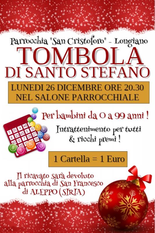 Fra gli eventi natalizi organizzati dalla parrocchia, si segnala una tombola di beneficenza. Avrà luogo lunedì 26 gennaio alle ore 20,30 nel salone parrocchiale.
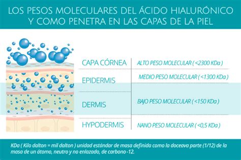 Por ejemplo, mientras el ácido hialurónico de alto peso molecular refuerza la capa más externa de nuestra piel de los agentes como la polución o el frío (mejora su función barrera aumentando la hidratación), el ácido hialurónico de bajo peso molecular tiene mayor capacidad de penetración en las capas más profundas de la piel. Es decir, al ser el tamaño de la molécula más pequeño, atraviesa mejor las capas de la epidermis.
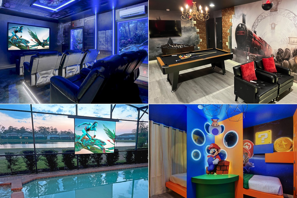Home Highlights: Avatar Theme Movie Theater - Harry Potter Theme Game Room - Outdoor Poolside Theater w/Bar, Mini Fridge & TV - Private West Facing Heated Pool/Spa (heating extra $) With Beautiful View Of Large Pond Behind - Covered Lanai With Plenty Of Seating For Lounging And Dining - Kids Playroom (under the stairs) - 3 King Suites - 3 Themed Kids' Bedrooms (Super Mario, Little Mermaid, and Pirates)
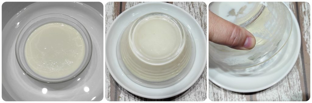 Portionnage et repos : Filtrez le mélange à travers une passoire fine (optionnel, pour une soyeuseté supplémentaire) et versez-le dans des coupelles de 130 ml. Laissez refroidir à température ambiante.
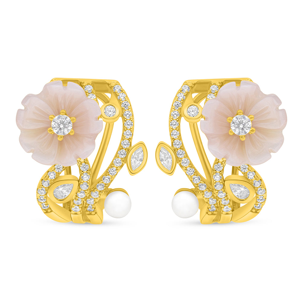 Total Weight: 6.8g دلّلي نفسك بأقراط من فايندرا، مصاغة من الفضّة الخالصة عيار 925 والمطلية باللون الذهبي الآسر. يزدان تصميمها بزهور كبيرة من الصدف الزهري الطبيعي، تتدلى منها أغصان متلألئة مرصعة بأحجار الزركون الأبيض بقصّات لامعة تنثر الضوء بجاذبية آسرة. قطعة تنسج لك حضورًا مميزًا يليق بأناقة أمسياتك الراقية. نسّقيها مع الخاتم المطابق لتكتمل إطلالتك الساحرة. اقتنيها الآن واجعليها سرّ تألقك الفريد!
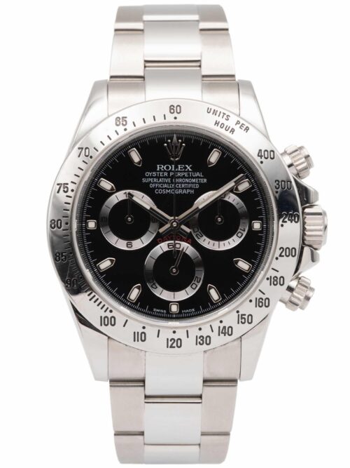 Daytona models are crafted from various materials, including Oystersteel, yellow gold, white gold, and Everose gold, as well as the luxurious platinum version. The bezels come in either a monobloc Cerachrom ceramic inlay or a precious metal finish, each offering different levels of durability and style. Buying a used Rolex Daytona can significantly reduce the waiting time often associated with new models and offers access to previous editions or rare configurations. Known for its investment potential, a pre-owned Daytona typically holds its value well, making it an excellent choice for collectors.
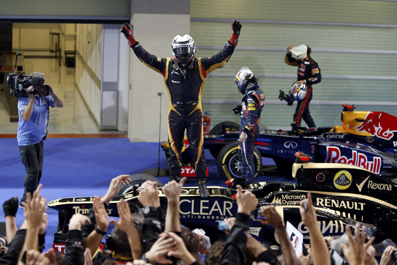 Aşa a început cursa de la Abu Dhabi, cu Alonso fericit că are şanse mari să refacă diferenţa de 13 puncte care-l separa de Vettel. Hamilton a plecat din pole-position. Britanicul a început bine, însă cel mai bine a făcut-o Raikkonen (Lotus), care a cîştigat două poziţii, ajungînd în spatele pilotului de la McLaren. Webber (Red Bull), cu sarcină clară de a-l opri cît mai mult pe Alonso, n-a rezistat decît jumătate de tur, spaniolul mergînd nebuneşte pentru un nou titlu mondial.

****************

The task
Every line above goes into the copy unchanged; the pictures do not.

Answer space
 Fra gli eventi natalizi organizzati dalla parrocchia, si segnala una tombola di beneficenza. Avrà luogo lunedì 26 gennaio alle ore 20,30 nel salone parrocchiale.
 Por ejemplo, mientras el ácido hialurónico de alto peso molecular refuerza la capa más externa de nuestra piel de los agentes como la polución o el frío (mejora su función barrera aumentando la hidratación), el ácido hialurónico de bajo peso molecular tiene mayor capacidad de penetración en las capas más profundas de la piel. Es decir, al ser el tamaño de la molécula más pequeño, atraviesa mejor las capas de la epidermis.
Home Highlights: Avatar Theme Movie Theater - Harry Potter Theme Game Room - Outdoor Poolside Theater w/Bar, Mini Fridge & TV - Private West Facing Heated Pool/Spa (heating extra $) With Beautiful View Of Large Pond Behind - Covered Lanai With Plenty Of Seating For Lounging And Dining - Kids Playroom (under the stairs) - 3 King Suites - 3 Themed Kids' Bedrooms (Super Mario, Little Mermaid, and Pirates)
 Portionnage et repos : Filtrez le mélange à travers une passoire fine (optionnel, pour une soyeuseté supplémentaire) et versez-le dans des coupelles de 130 ml. Laissez refroidir à température ambiante.
 Total Weight: 6.8g دلّلي نفسك بأقراط من فايندرا، مصاغة من الفضّة الخالصة عيار 925 والمطلية باللون الذهبي الآسر. يزدان تصميمها بزهور كبيرة من الصدف الزهري الطبيعي، تتدلى منها أغصان متلألئة مرصعة بأحجار الزركون الأبيض بقصّات لامعة تنثر الضوء بجاذبية آسرة. قطعة تنسج لك حضورًا مميزًا يليق بأناقة أمسياتك الراقية. نسّقيها مع الخاتم المطابق لتكتمل إطلالتك الساحرة. اقتنيها الآن واجعليها سرّ تألقك الفريد!
 Daytona models are crafted from various materials, including Oystersteel, yellow gold, white gold, and Everose gold, as well as the luxurious platinum version. The bezels come in either a monobloc Cerachrom ceramic inlay or a precious metal finish, each offering different levels of durability and style. Buying a used Rolex Daytona can significantly reduce the waiting time often associated with new models and offers access to previous editions or rare configurations. Known for its investment potential, a pre-owned Daytona typically holds its value well, making it an excellent choice for collectors.
 Aşa a început cursa de la Abu Dhabi, cu Alonso fericit că are şanse mari să refacă diferenţa de 13 puncte care-l separa de Vettel. Hamilton a plecat din pole-position. Britanicul a început bine, însă cel mai bine a făcut-o Raikkonen (Lotus), care a cîştigat două poziţii, ajungînd în spatele pilotului de la McLaren. Webber (Red Bull), cu sarcină clară de a-l opri cît mai mult pe Alonso, n-a rezistat decît jumătate de tur, spaniolul mergînd nebuneşte pentru un nou titlu mondial.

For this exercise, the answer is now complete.